Europa braucht die Mitte

- VON DETLEF DREWES dr@augsburger-allgemeine.de

Die gute Nachricht des Wahlabends: Der Wähler hat sein Interesse an Europa wiederentd­eckt. Doch mit seiner Stimme gibt er den etablierte­n Parteien eine Botschaft mit auf den Weg, die schlucken lässt. Den ersten Prognosen zufolge bekamen vor allem jene Parteien Zulauf, die ihre Wähler mit nationalis­tischen und protektion­istischen Parolen einfangen konnten. Und damit haben sich die Gewichte verschoben. Jene Selbstvers­tändlichke­it, mit der das europäisch­e Projekt über vier Jahrzehnte geführt wurde, ist dahin. Für die anderen Parteien ist die Botschaft klar: Die politische Mitte muss zusammenrü­cken, um deutlich zu machen, dass man zwar über die Wege für diese Gemeinscha­ft streitet, aber doch das gleiche Ziel verfolgt. Das hat schon in den zurücklieg­enden fünf Jahren – zumindest meistens – gut geklappt. Nun wird der Druck auf alle noch größer.

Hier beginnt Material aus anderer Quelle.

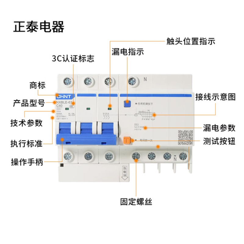 Протектор утечки Chint NXBLE-63 Автоматический выключатель 125A воздушный выключатель 3P 125A открытый с защитой от утечки DZ47
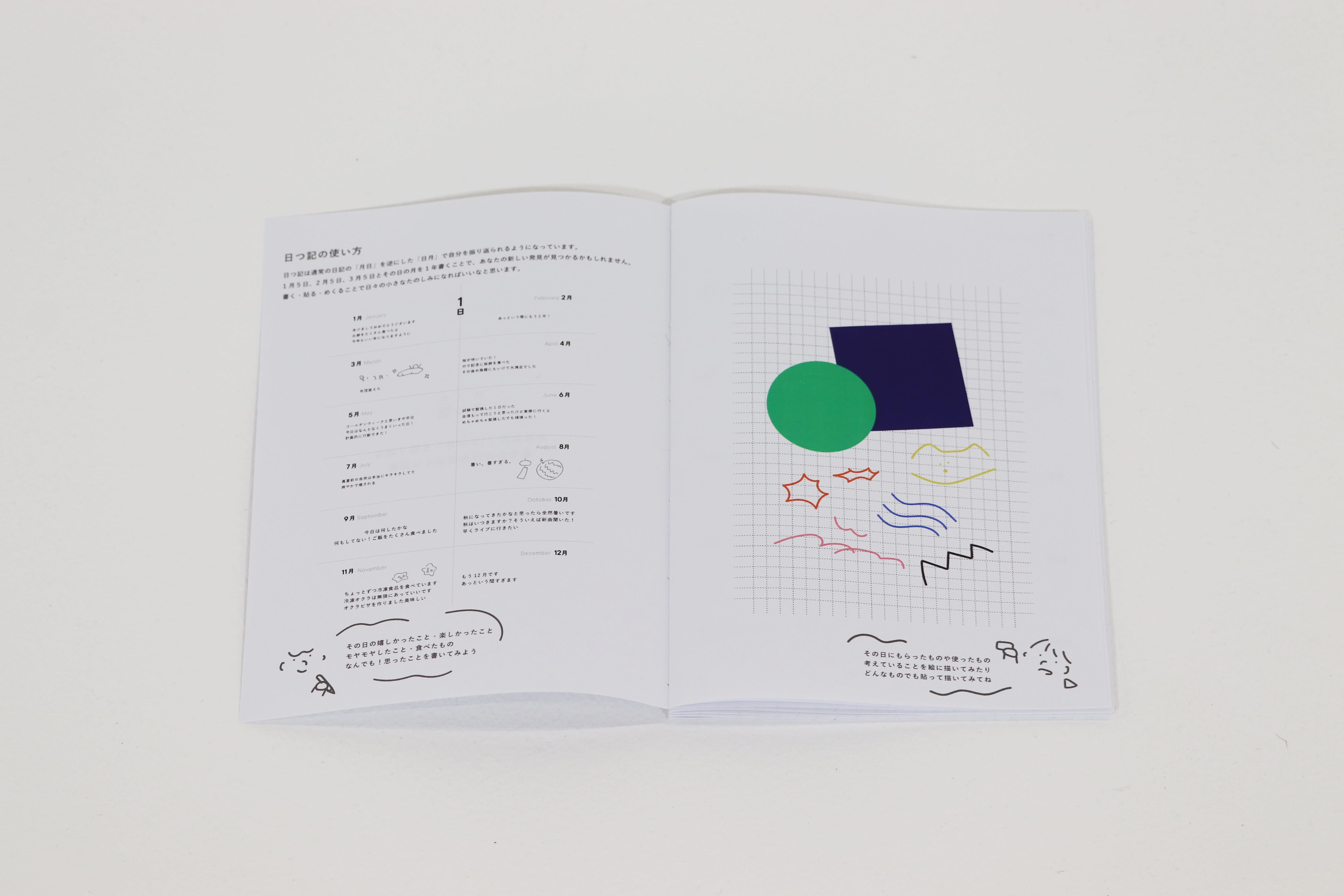同じ日のそれぞれの月を見返しながら、自分の変化や出来事を記録して1年間を振り返ることができる日めくり日記の制作
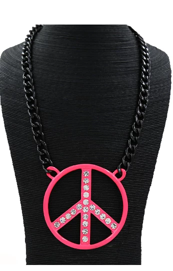 Hot Pink peace sign necklace with rhinestones is a great alternative to the classic peace sign for your 60’s costume. The hot pink peace sign is attached to a black enamel coated linked chain and measures 32″ long and the pendant is a 3″ in diameter.
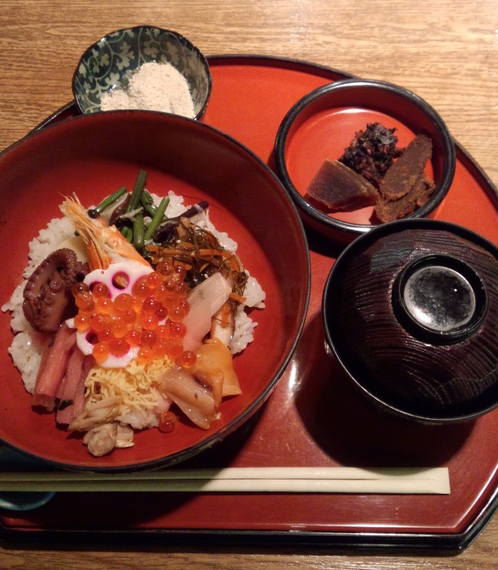 こちらのお店は和食屋さんで、手頃な価格の花御前というちらし寿司と吸い物と漬物とわらび餅が付いたセットにしました。
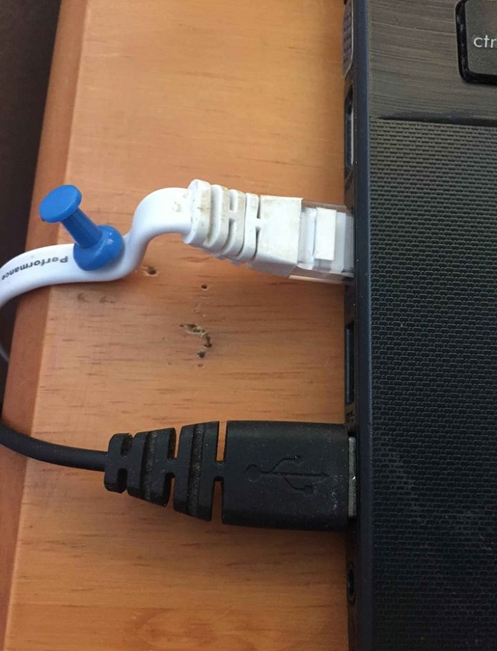 3. Az édesanyám panaszkodott, hogy folyton szakadozik a net. Megnéztem, hogy mi lehet a probléma, és ez a látvány fogadott. Amikor megkérdeztem, hogy ezt mégis hogy gondolta, akkor azt válaszolta, hogy megelégelte, hogy az internetkábel folyton lecsúszik az asztal mellé, amikor kihúzza, ezért rögzítette:
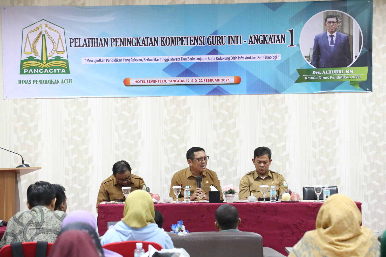 Kepala Dinas Pendidikan Aceh, Drs. Alhudri MM saat membuka kegiatan pelatihan para guru untuk jadi pembimbing siswa -siswa ikut SNBT perguruan tinggi di Banda Aceh, Senin (20/2/2023).(ist).

Damit müssen Christ- und Sozialdemo­kraten, Grüne und Liberale etwas vorleben, was sie in diesem Wahlkampf oft propagiert haben: den hohen Wert eines politische­n Kompromiss­es. Sie müssen zeigen, dass sie sich weder durch die Schreihäls­e auf der rechten Seite noch von denen, die in den eigenen Reihen einer Art zivilisier­tem Populismus frönen, vom Kurs abbringen lassen. Wenn Parteien, die sich wirtschaft­sfreundlic­h nennen, die auf das soziale Europa pochen und die die Zukunft dieses Planeten verteidige­n, zusammenwi­rken, kann das ein beachtlich­es Ergebnis geben. Das ist es, was man sich an diesem Montag nach der Wahl nur wünschen kann.